[Data supplied]
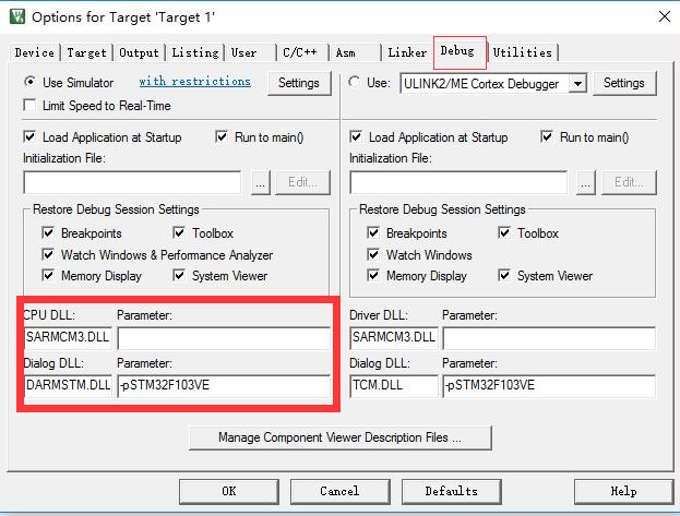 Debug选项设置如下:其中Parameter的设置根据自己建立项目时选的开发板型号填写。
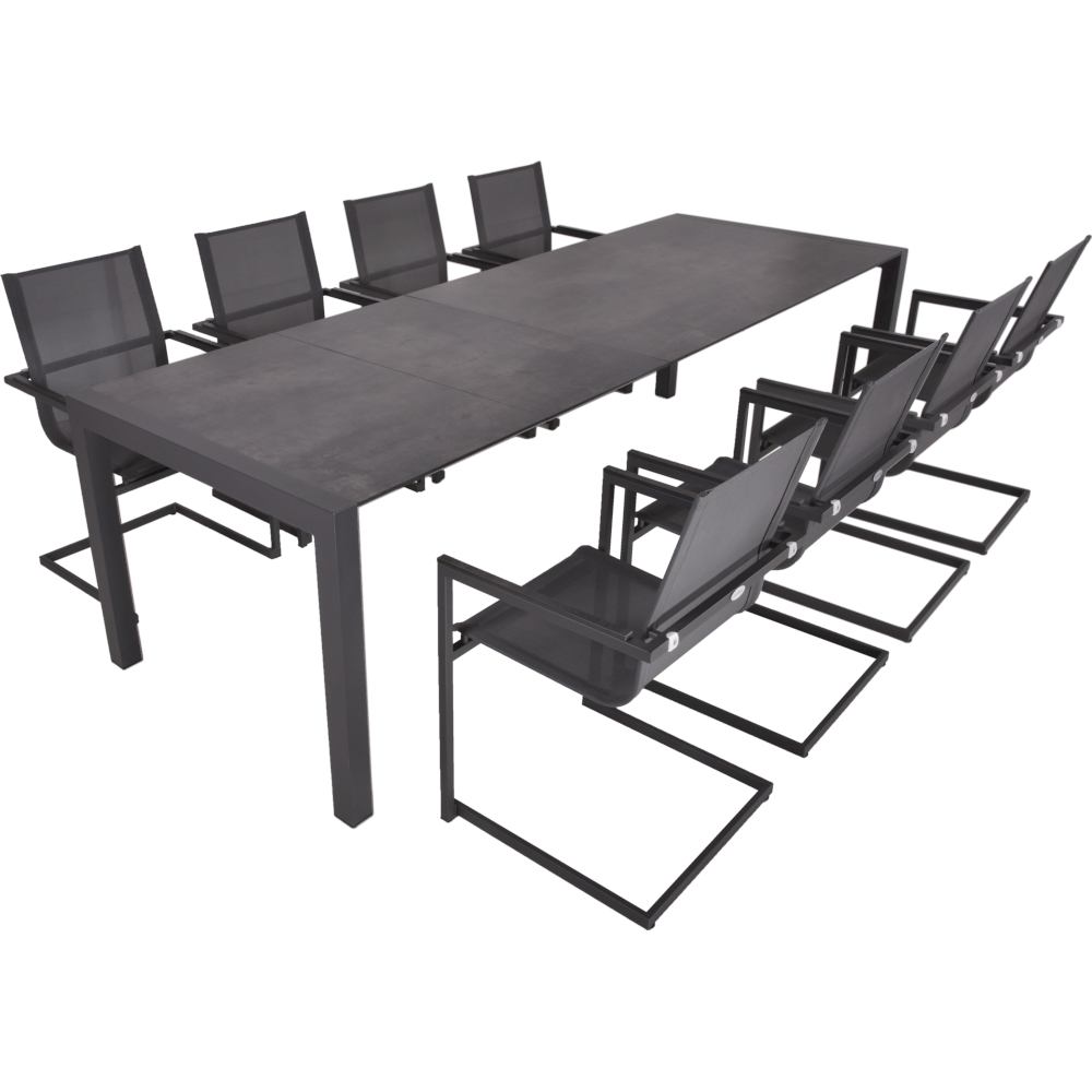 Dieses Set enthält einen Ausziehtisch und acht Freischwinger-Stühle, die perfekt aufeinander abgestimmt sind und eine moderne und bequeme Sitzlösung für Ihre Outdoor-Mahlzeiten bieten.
[/Data supplied]
[Data supplied]
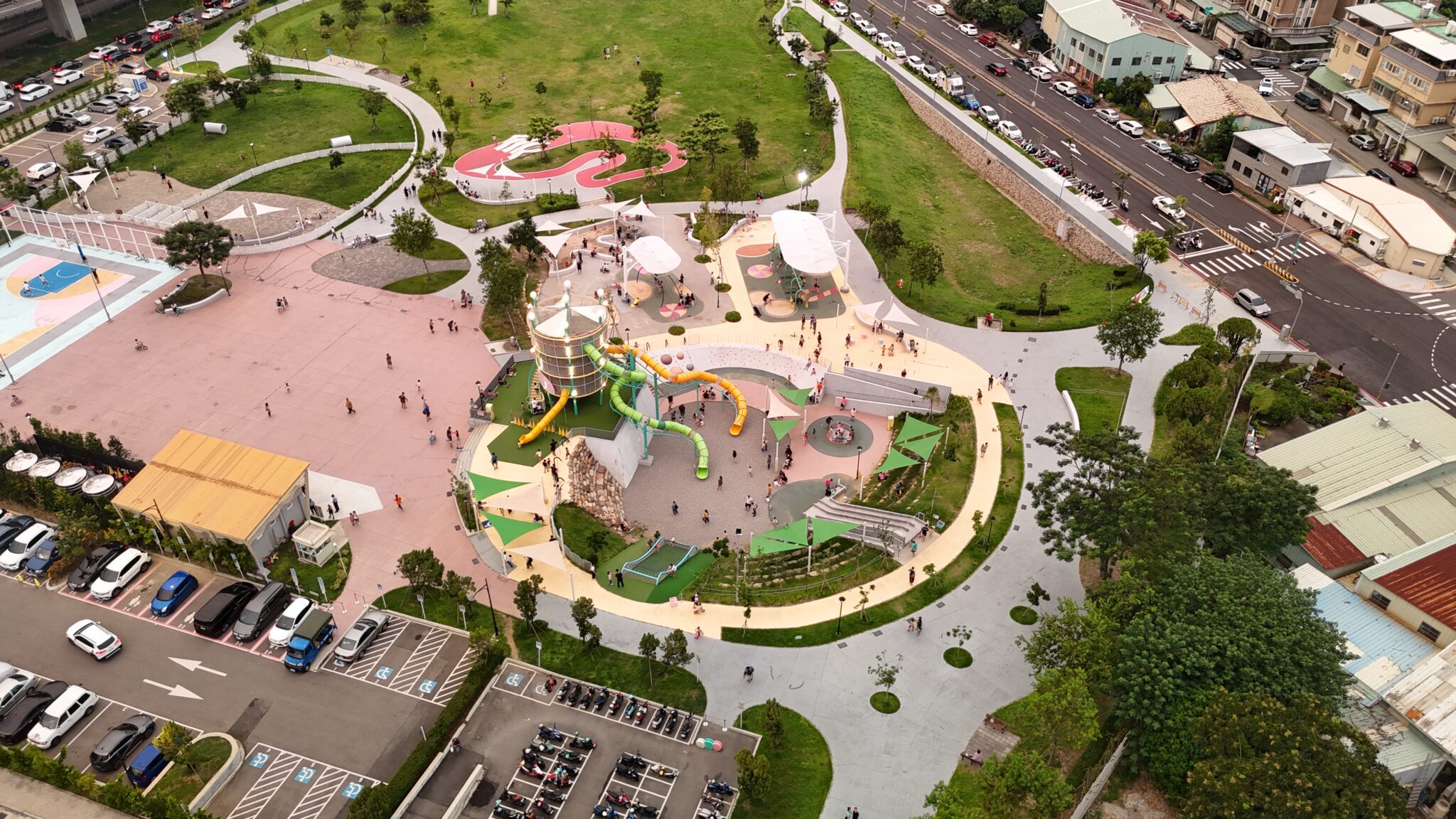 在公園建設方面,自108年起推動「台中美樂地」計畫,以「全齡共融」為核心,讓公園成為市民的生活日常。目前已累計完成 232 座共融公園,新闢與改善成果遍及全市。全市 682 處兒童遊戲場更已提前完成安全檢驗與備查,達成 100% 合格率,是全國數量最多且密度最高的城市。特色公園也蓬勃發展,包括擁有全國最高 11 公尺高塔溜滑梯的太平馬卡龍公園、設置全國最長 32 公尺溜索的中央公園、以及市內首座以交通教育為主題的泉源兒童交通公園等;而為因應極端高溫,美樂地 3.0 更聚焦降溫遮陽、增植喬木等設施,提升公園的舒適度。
[/Data supplied]
[Data supplied]
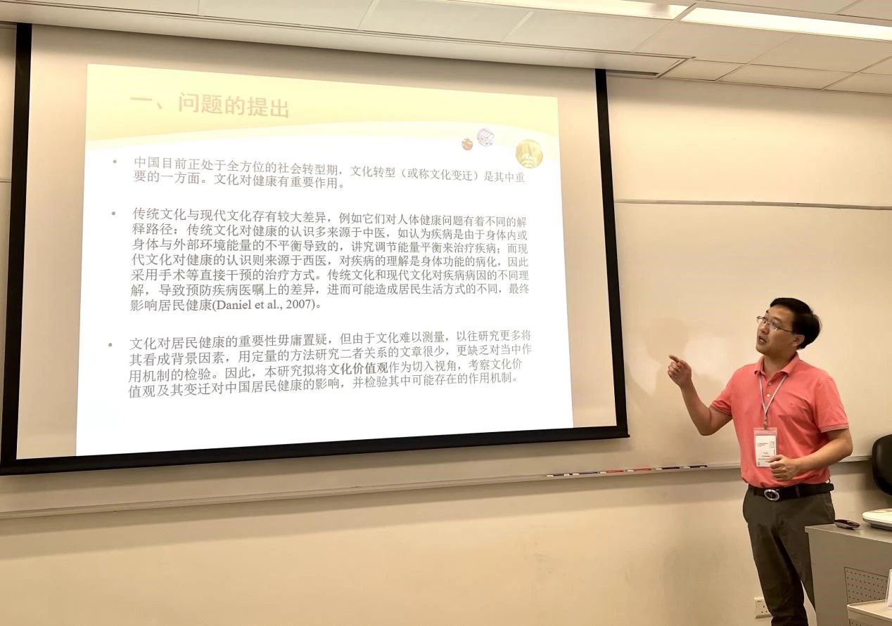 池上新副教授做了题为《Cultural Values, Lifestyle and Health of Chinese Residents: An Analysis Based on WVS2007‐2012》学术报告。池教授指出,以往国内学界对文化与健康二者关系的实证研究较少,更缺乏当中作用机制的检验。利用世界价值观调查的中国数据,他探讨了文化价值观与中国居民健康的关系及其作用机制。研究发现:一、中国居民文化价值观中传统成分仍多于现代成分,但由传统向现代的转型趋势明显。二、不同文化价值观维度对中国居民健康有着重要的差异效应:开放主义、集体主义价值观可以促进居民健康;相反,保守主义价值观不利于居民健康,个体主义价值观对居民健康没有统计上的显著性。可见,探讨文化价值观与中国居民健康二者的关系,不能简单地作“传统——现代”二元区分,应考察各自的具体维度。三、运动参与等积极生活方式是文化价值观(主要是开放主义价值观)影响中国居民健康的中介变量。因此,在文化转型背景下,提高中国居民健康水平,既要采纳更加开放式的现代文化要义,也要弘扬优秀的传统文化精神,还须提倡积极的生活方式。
[/Data supplied]
#### [Task objective]
Copy out the listing above from the line containing "Debug选项设置如下:其中" to the line containing "Dieses Set enthält", both included, exactly as written and minus the images.

#### [Output of the exercise]
 Debug选项设置如下:其中Parameter的设置根据自己建立项目时选的开发板型号填写。
 Dieses Set enthält einen Ausziehtisch und acht Freischwinger-Stühle, die perfekt aufeinander abgestimmt sind und eine moderne und bequeme Sitzlösung für Ihre Outdoor-Mahlzeiten bieten.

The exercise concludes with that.